Omit the pictures and return exactly the stretch of the material below from the line with "Nach dem Krieg" through the line with "- Versatile Party".

» RECORDS FOR PROCESSING
↓↓↓

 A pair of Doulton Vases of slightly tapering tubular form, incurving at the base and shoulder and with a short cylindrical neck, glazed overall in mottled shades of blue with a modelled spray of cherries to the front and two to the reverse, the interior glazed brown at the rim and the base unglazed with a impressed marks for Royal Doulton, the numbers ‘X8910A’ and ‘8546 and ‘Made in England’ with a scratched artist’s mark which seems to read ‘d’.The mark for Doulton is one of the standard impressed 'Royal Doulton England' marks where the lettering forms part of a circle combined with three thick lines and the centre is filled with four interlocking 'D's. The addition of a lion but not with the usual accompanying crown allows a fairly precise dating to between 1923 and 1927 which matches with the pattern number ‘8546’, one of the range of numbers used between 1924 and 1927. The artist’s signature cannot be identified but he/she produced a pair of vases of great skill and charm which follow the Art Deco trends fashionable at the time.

↑↑↑
↓↓↓

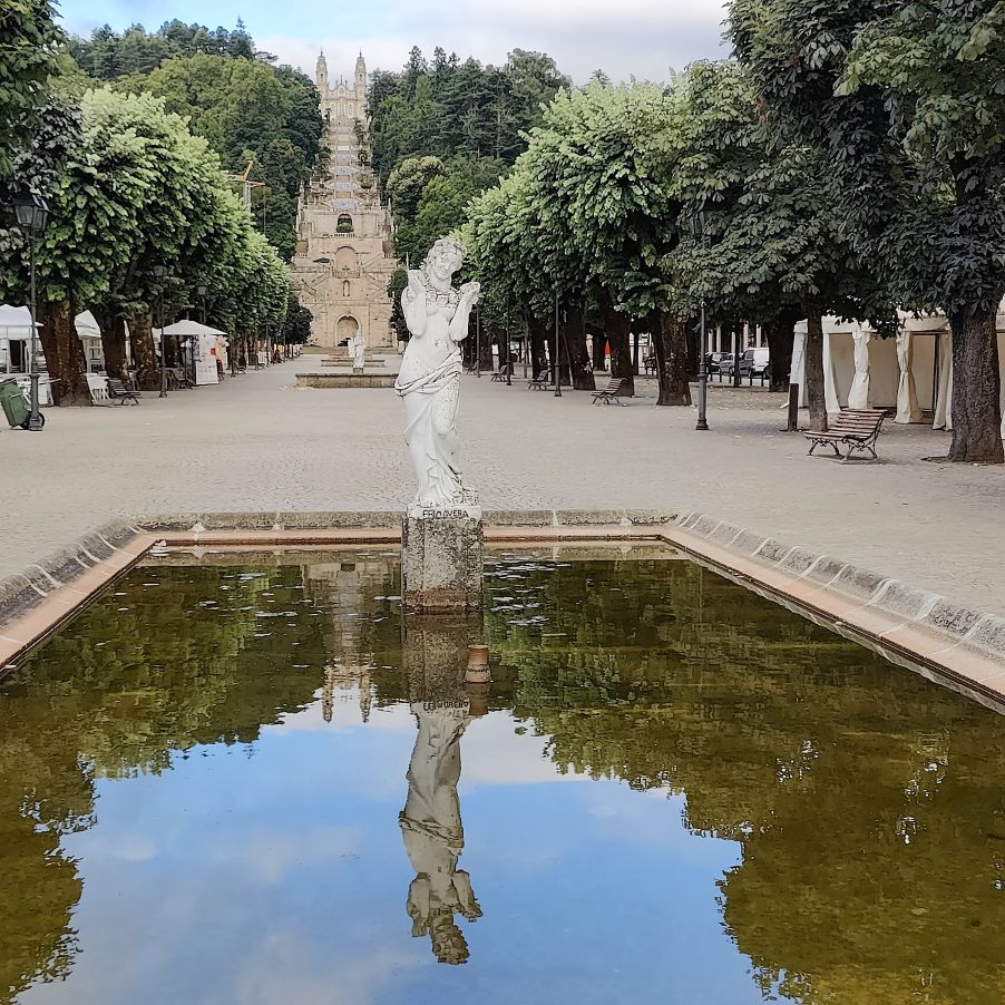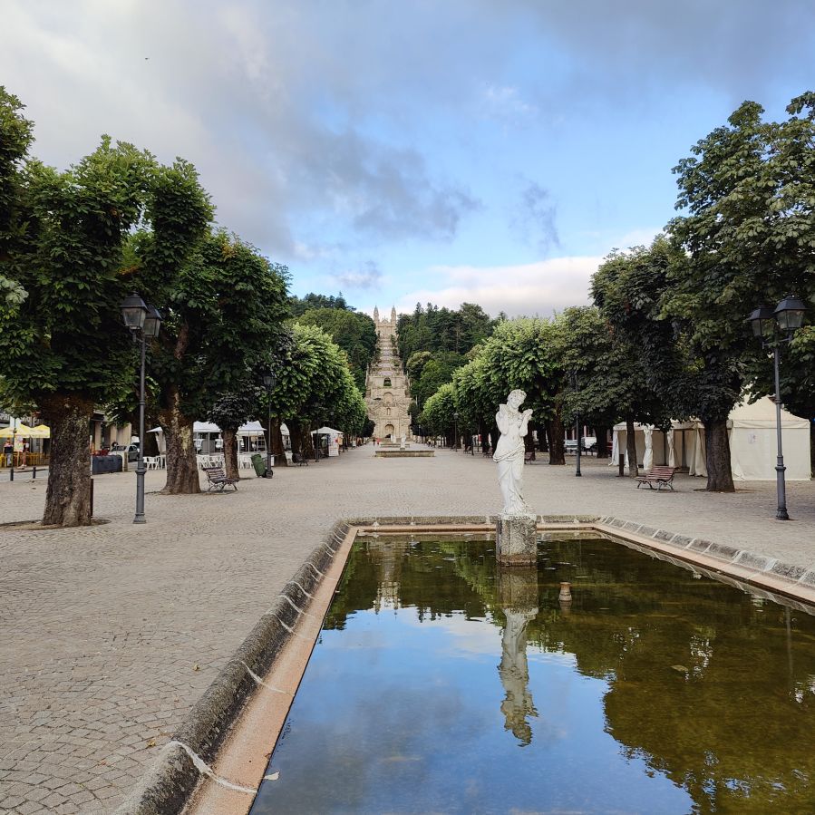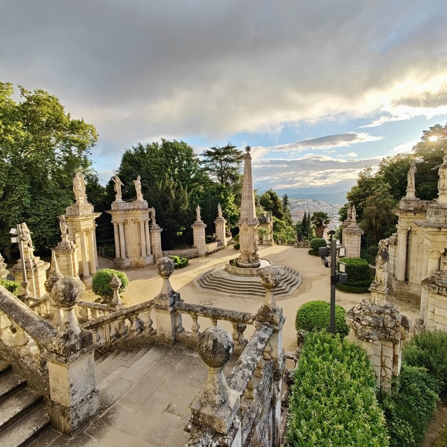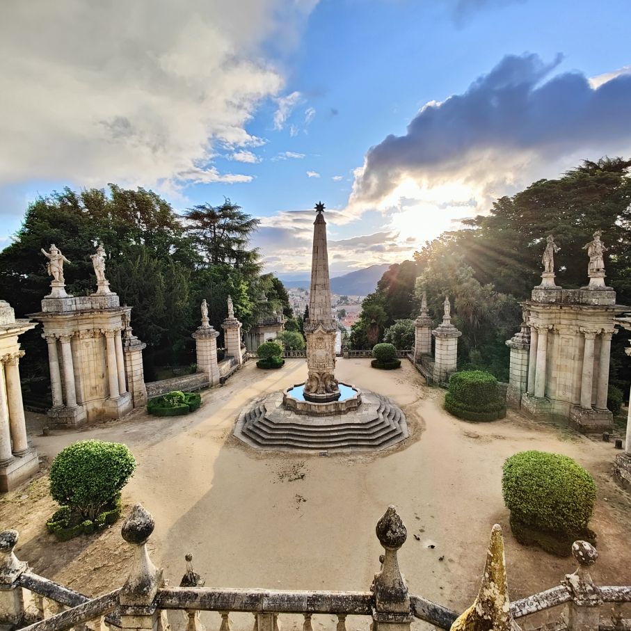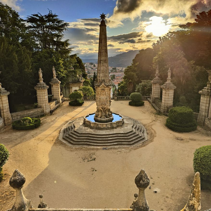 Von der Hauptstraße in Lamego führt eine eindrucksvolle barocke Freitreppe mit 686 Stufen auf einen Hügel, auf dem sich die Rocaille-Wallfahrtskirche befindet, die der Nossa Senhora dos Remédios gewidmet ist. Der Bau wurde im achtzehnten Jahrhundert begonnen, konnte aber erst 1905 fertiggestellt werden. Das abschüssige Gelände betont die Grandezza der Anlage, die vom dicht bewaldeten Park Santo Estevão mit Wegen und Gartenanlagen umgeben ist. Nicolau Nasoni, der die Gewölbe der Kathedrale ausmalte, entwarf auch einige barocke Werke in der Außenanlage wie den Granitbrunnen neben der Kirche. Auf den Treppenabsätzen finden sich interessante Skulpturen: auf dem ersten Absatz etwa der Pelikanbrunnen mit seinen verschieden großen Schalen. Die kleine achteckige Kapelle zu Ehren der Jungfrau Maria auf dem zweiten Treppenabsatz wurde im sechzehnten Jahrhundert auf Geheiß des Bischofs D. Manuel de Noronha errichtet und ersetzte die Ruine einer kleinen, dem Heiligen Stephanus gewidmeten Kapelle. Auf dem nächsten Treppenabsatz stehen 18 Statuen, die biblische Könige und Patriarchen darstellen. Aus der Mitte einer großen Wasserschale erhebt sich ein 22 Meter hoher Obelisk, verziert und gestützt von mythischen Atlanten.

↑↑↑
↓↓↓

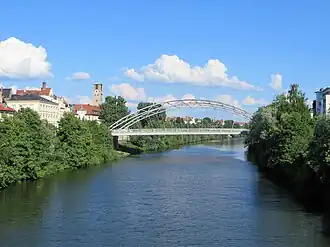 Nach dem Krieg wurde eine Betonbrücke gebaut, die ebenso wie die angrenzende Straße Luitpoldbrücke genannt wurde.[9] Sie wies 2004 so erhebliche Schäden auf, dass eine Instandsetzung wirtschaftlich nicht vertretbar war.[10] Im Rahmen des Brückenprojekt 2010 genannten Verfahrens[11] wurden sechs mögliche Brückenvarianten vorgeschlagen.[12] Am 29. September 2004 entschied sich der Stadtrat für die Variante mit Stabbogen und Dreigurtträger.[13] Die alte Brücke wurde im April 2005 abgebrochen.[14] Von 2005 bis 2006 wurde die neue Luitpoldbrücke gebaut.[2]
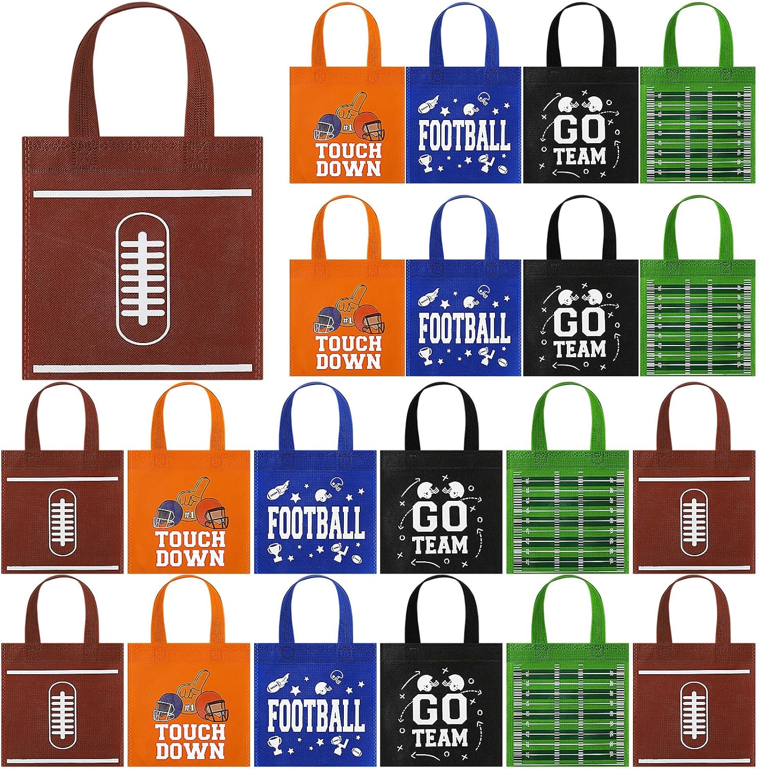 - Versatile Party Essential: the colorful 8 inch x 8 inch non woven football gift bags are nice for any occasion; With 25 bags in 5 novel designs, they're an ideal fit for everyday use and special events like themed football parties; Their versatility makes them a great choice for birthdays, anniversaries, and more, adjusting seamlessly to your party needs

↑↑↑

» ANSWER FOR THE TASK
 Nach dem Krieg wurde eine Betonbrücke gebaut, die ebenso wie die angrenzende Straße Luitpoldbrücke genannt wurde.[9] Sie wies 2004 so erhebliche Schäden auf, dass eine Instandsetzung wirtschaftlich nicht vertretbar war.[10] Im Rahmen des Brückenprojekt 2010 genannten Verfahrens[11] wurden sechs mögliche Brückenvarianten vorgeschlagen.[12] Am 29. September 2004 entschied sich der Stadtrat für die Variante mit Stabbogen und Dreigurtträger.[13] Die alte Brücke wurde im April 2005 abgebrochen.[14] Von 2005 bis 2006 wurde die neue Luitpoldbrücke gebaut.[2]
 - Versatile Party Essential: the colorful 8 inch x 8 inch non woven football gift bags are nice for any occasion; With 25 bags in 5 novel designs, they're an ideal fit for everyday use and special events like themed football parties; Their versatility makes them a great choice for birthdays, anniversaries, and more, adjusting seamlessly to your party needs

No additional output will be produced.